*What this task involves*. From the first line to the last, please reproduce the material exactly, skipping the pictures.

*Source material*.
---+---

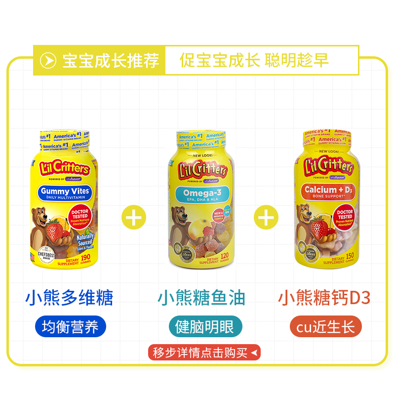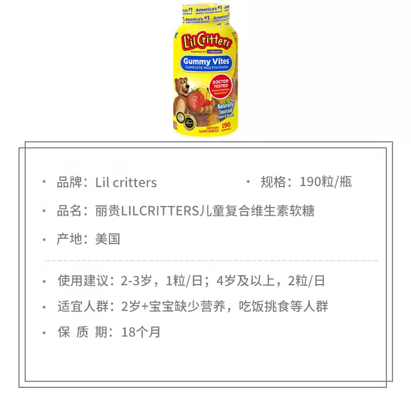 丽贵小熊糖儿童复合维生素果汁软糖宝宝多种营养维c补锌糖果190粒
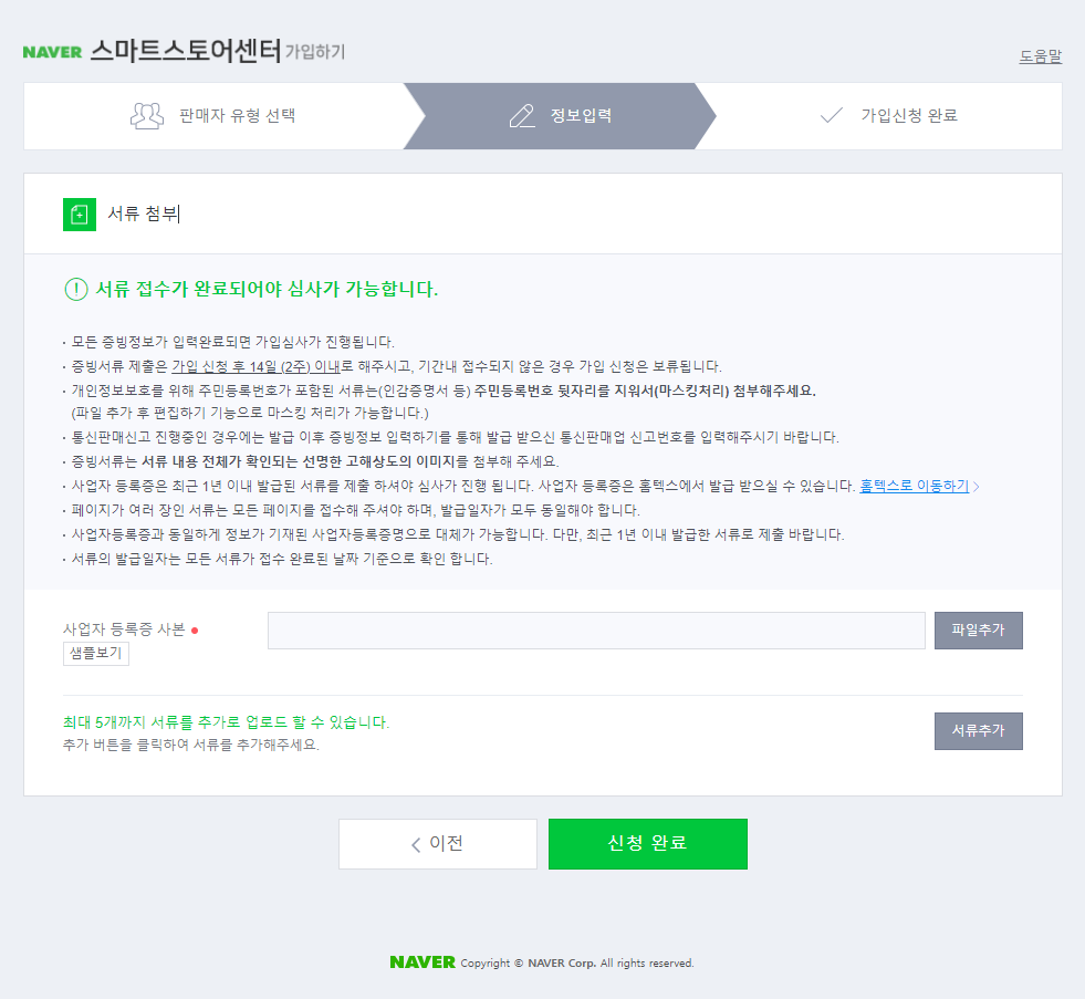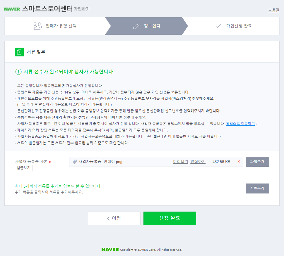 스토어 정보를 모두 입력했다면 마지막 사업자 등록증 사본을 업로드합니다. 개인의 경우는 신분증을 입력하지 않을까 싶네요.ㅎ
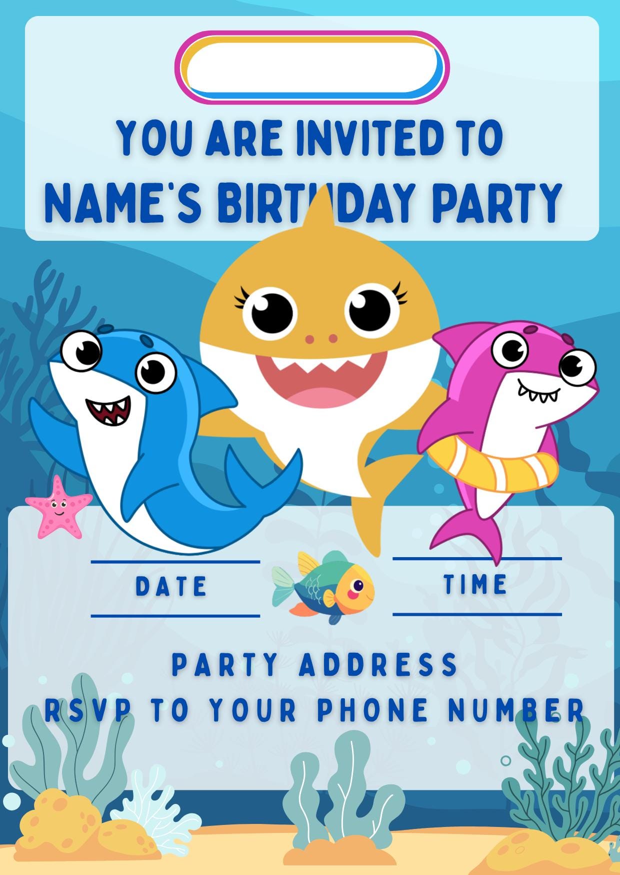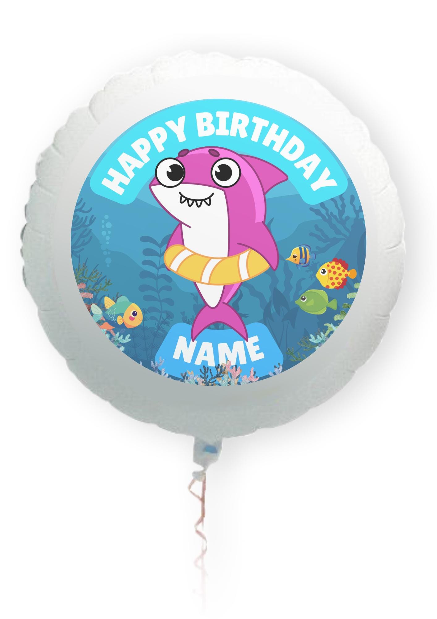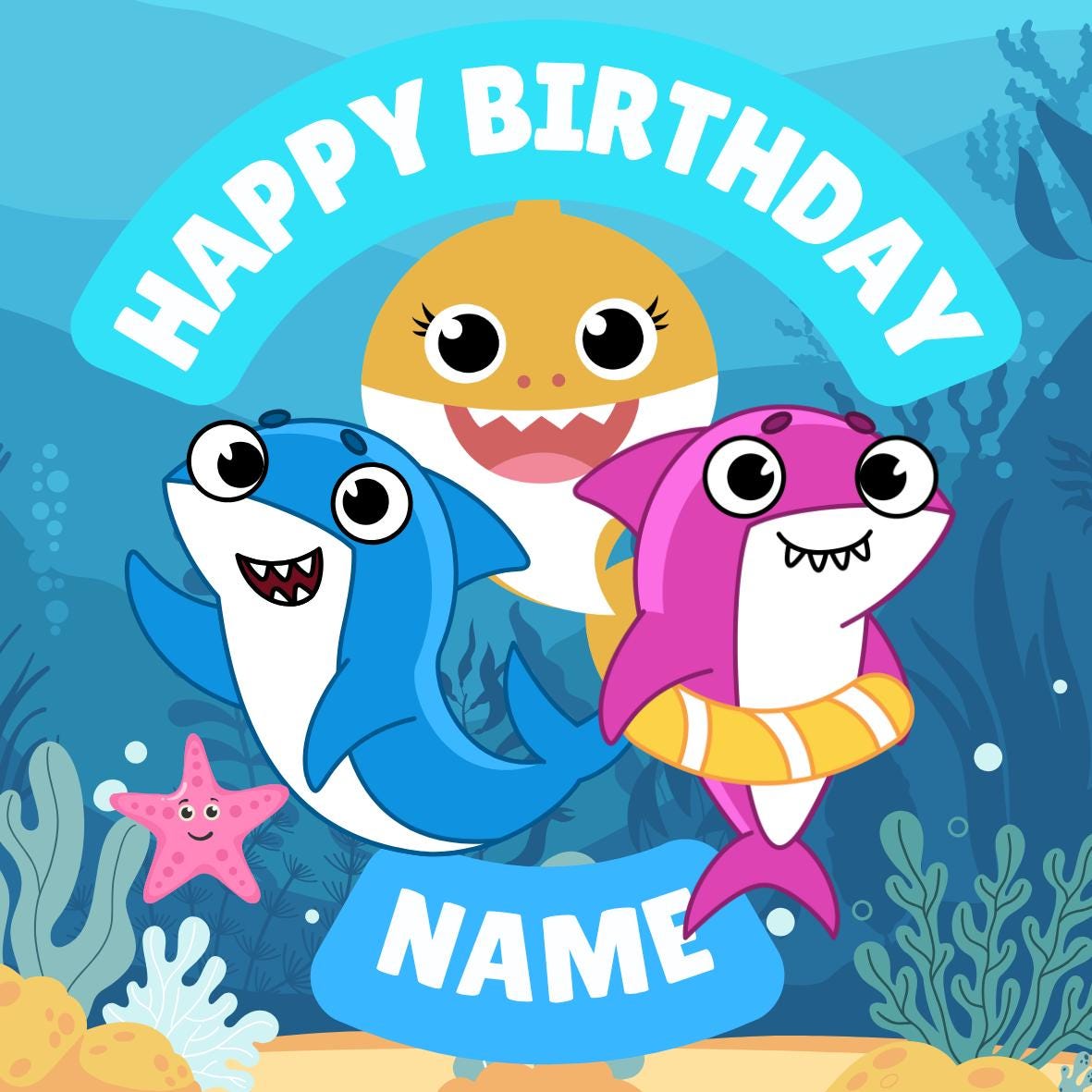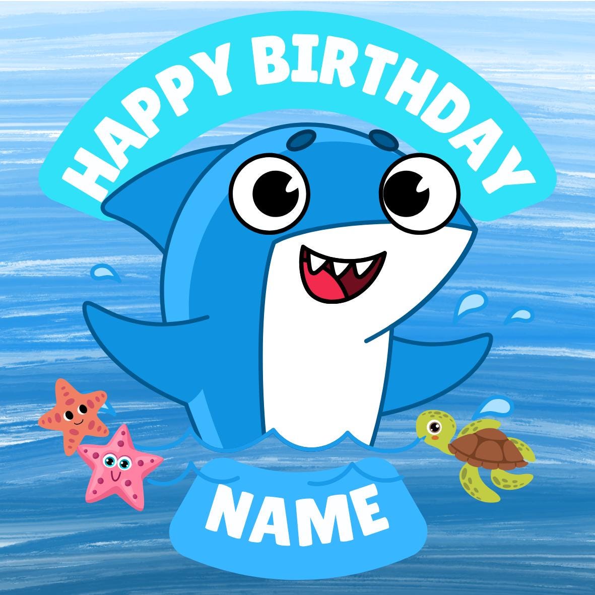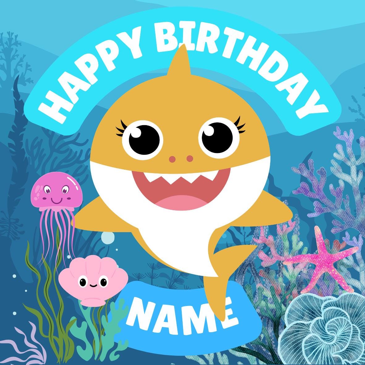 Cute Baby Shark Theme Cake Toppers. Features your choice of age and name.
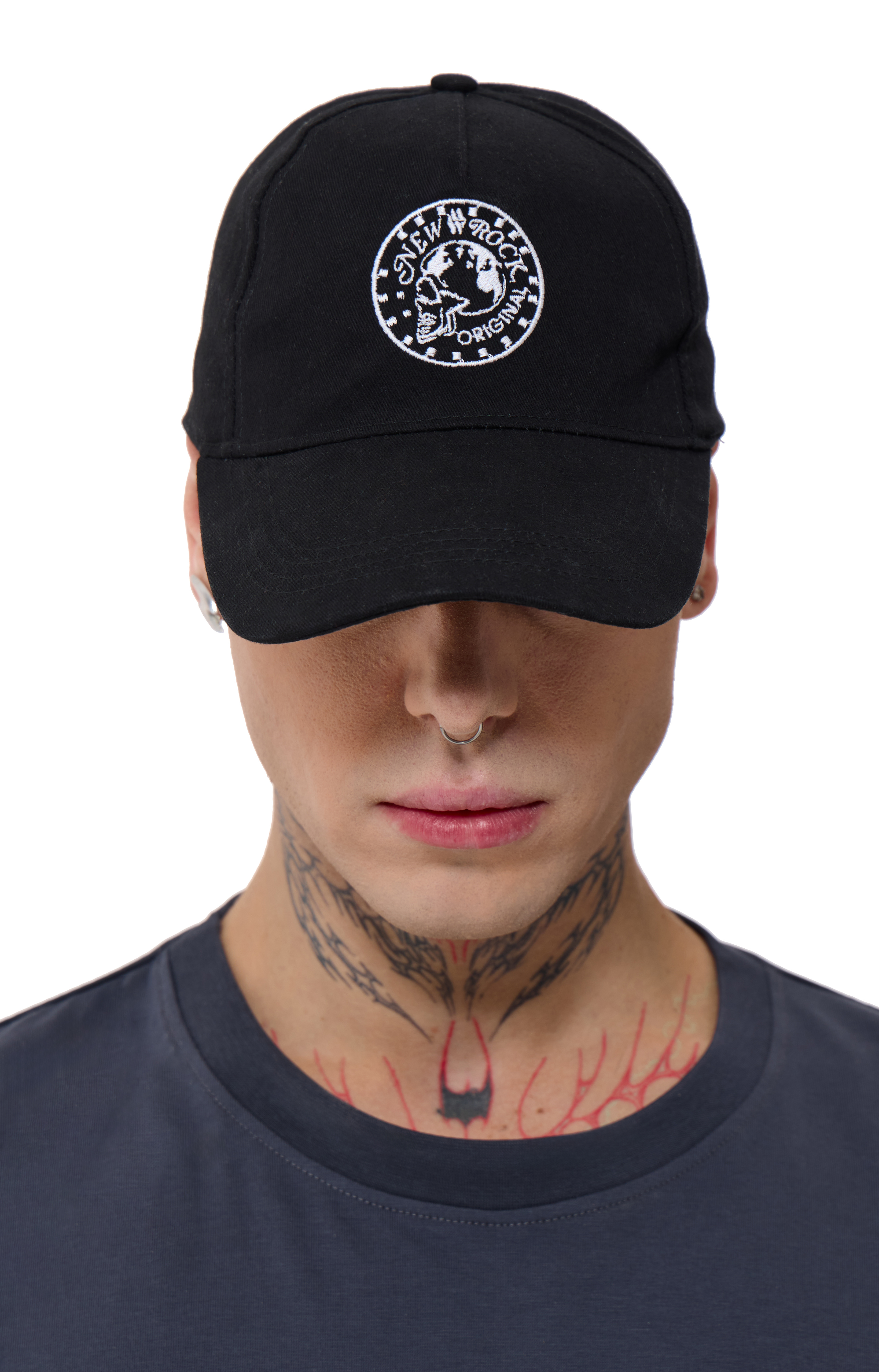 Кепка New Rock чёрного цвета из полиэстера с логотипом бренда New Rock белого цвета.

---+---

*Final answer*.
 丽贵小熊糖儿童复合维生素果汁软糖宝宝多种营养维c补锌糖果190粒
 스토어 정보를 모두 입력했다면 마지막 사업자 등록증 사본을 업로드합니다. 개인의 경우는 신분증을 입력하지 않을까 싶네요.ㅎ
 Cute Baby Shark Theme Cake Toppers. Features your choice of age and name.
 Кепка New Rock чёрного цвета из полиэстера с логотипом бренда New Rock белого цвета.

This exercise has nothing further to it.